In a month's time, I leave to be in Paris for a month. A month to measure time. Time has been on a steady run, which improves in speed as days go by. Muchly detrimental to my mental health and sense of orientation in terms of Life.

My (brand new) car has met a saddening fate, in fostering much water during previous storms, whereby a puddle has been discovered in the spare tyre hole, and the backbench has soaked up all the water, the way obnoxious instagrammers on the beach write the ever creative caption about soaking up the sun. So, it is in the repair shop, for the second time in two weeks. As such, I am carless. And careless. But carless for now.

Also, a certain familiar anxiety has begun to creep up and settle in, nestling its head comfortably between my future, and what I am doing about it. Nothing, so far. There is a sense of missing something. A solitude that I do not wish to partner up with a longing for love at the moment. In a sense, I have decided to let go of these longings that end up replacing my quest for "finding myself." I loathe writing this expression, which I find both a cliché and a gigantic load of nonsense. I suppose what I mean, is that I am looking for a way to write, for independence, for that ever-elusive feeling that things will one day make sense and fall into place.

I have not gone on any romantic quests of late. If anything, I have turned my back irrationally on proper nice people, receiving many condescending "but if you don't try, you can't know," and "you can't decide if you like a person without knowing them first" type comments. And while all of these comments are true, I am satisfied with my unreasonable decision to abandon all interested parties, and store them in a nice little box in the past.

I have come to accept, I think, the strange habits of love that have punctuated my life thus far. I find it incredibly difficult to picture myself being loved by a person I want to be with. Sometimes I think: must I give myself recklessly to the only person who shows interest, fearful of ending up alone? Questions, questions. Who knows? I may look back on this and feel extreme pity and shame. But I don't see why I should feel any future pity at this particular topic, which I've always found at once frustrating and a source of inconsolable sadness. This is what my life looks like.

So I attempt to forget love, for now. And instead, funnel my energy into writing.

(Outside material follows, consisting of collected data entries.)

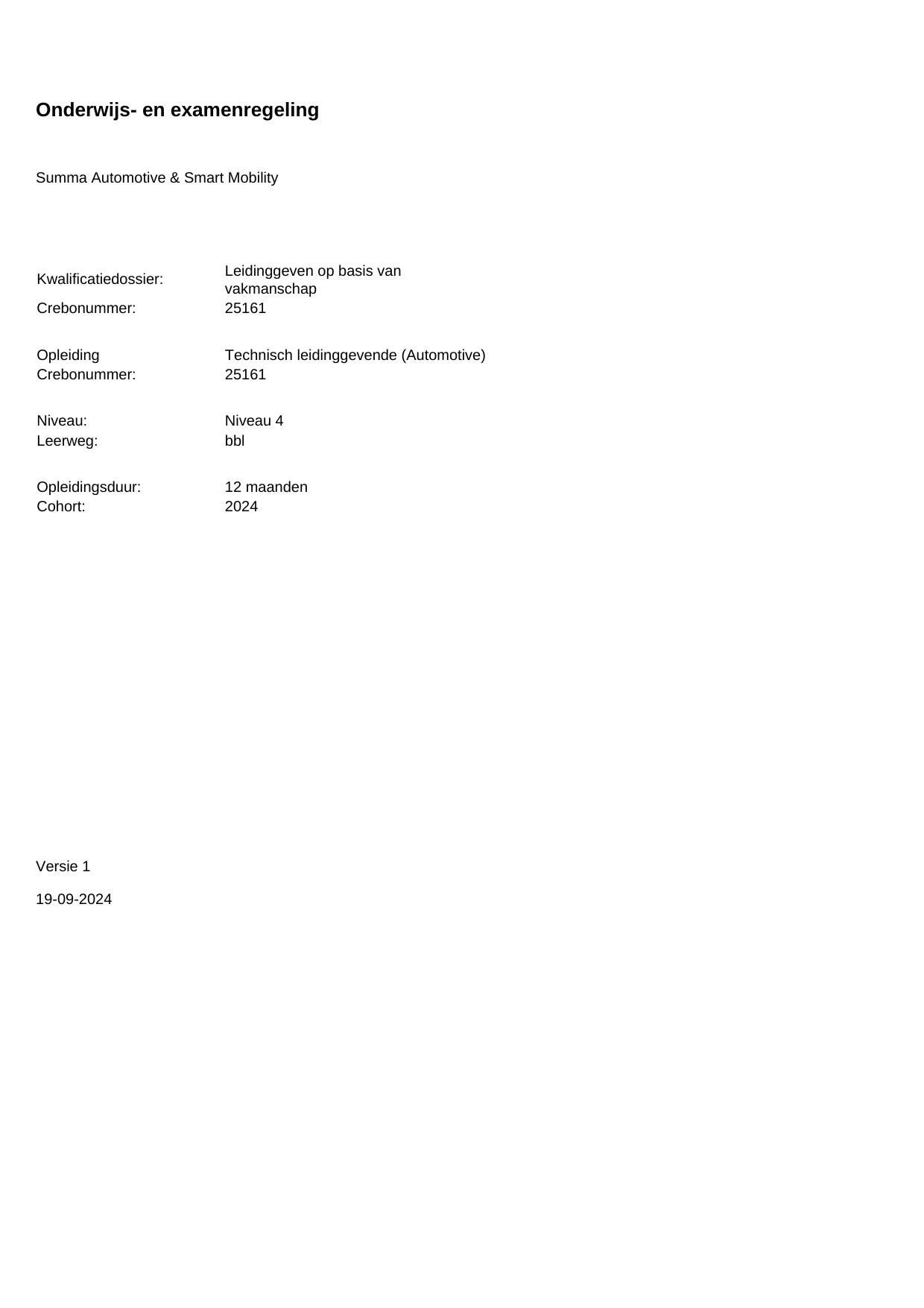 Technisch leidinggevende (Automotive) 25161BBL12.02 in cohort 2024-2025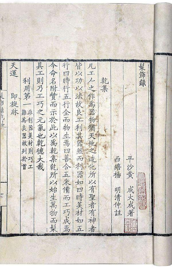 明代漆艺另一个重要的事件便是《髹饰录》的面世。原作者为明代隆庆年间的著名新安平沙工匠黄大成。此书经嘉兴名匠杨明注解,成为一本上溯唐宋下及明代的重要技法史料。自南唐时期的《漆经》失传以来,《髹饰录》为中国古代漆艺史上第一部漆艺专著。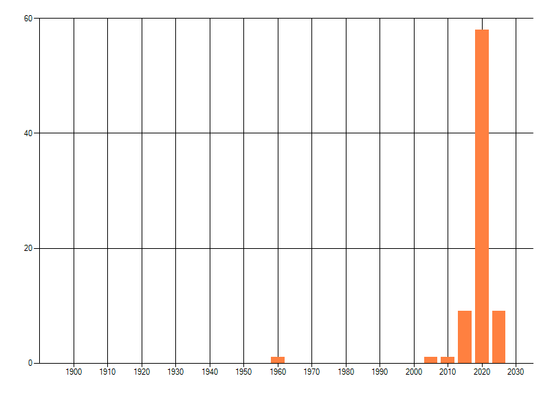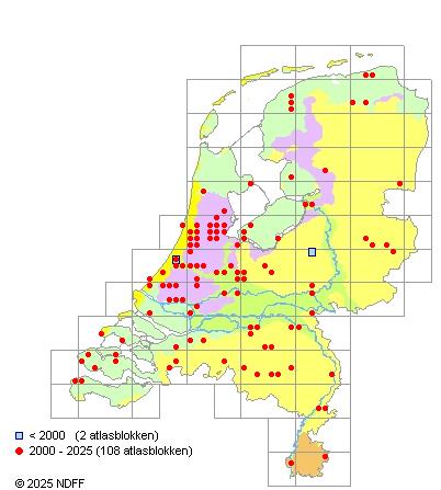 Het aantal atlasblokken (5x5 km) waarin de soort is gemeld binnen een periode van vijf jaar (vanaf 1980) of twintig jaar. Niet gecorrigeerd voor waarnemersinspanning en het aantal doorgegeven waarnemingen kan sterk variëren per periode, dus een trend in verspreiding kan hier niet direct uit worden afgelezen. Het opgegeven jaartal is het eerste jaar van de periode. Bron: gevalideerde waarnemingen uit de NDFF.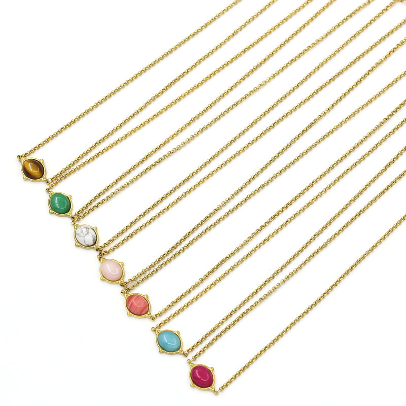 Collar de acero inoxidable de la joyería, acero inoxidable 304, con Piedra natural, chapado en color dorado, más colores para la opción, Vendido por UD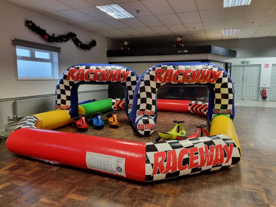Fancy something a little different? This racing cars package is becoming more and more popular. Our inflatable race trace is much safer and keeps users inside the track without crashing into people sitting on the sideline! Ouch!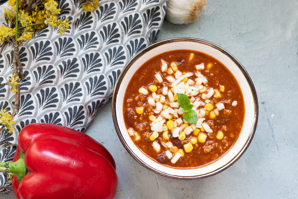 Pyszna zupa meksykańska idealna na rozgrzanie Stock Photo Adobe Stock

Beirut has uneven sidewalks. This comes to my attention every time I attempt to employ them for walking. It doesn't do to walk in Beirut remembering you grew up in Beirut. It doesn't help to feel exasperated at the lack of a pedestrian space, or at the street interrupted by a heavy truck parked in the middle of it, being used for work on what looks to be a construction site. This construction site, this area, you realise does indeed look emptier than usual. But what was there before they tore it down? You can't remember, and you are angry, because you should have known, should have spoken up about it. Should have prevented the destruction from happening. But all the lobby in the world seems to fall short of power in this particular Lebanese municipality. This is the second exasperating thing in Beirut (an item, on a seemingly endless list). Nobody listens. Those who control it see it not as Beirut, but as an open field, fertile for construction, real estate, money. Our voices, rebellious, are collected and dumped in the town bin, unrecycled. Those in power have inured us to the disappointing reality that heritage does not matter in Beirut. (sidenote: I am using "inure" for the first time and I'm not sure whether I'm using it right.)

Old houses, which once were new, which once were perhaps built on the remains of older houses, will continue to fall down. In Beirut, very little proof remains of the Ottoman/French erstwhile existence many are desperate to hold on to. Time walks on and so do we. Useless to think we can attach ourselves to stones or prevent their destruction from happening. Stones eventually fall down, like us, living, fleshy statues who pass onto the otherworld. Or neverwold?

Walking past one empty construction field onto the next, I realised that only a few years will have wiped out the remaining old, war-studded houses of Beirut. And somehow, I thought: it's okay. It's okay because at the heart of the city is its people, ever changing, ever moving. Nothing is fixed, not even a building. So in a sense, Beirut being ugly is okay. How can we be sure these new ugly buildings will remain there forever anyway? They probably won't.

It helps, to pretend you are foreigner, devouring these streets and all their faultiness with hungry new eyes, forgiving eyes that take its chaos for charm, its destruction for beauty.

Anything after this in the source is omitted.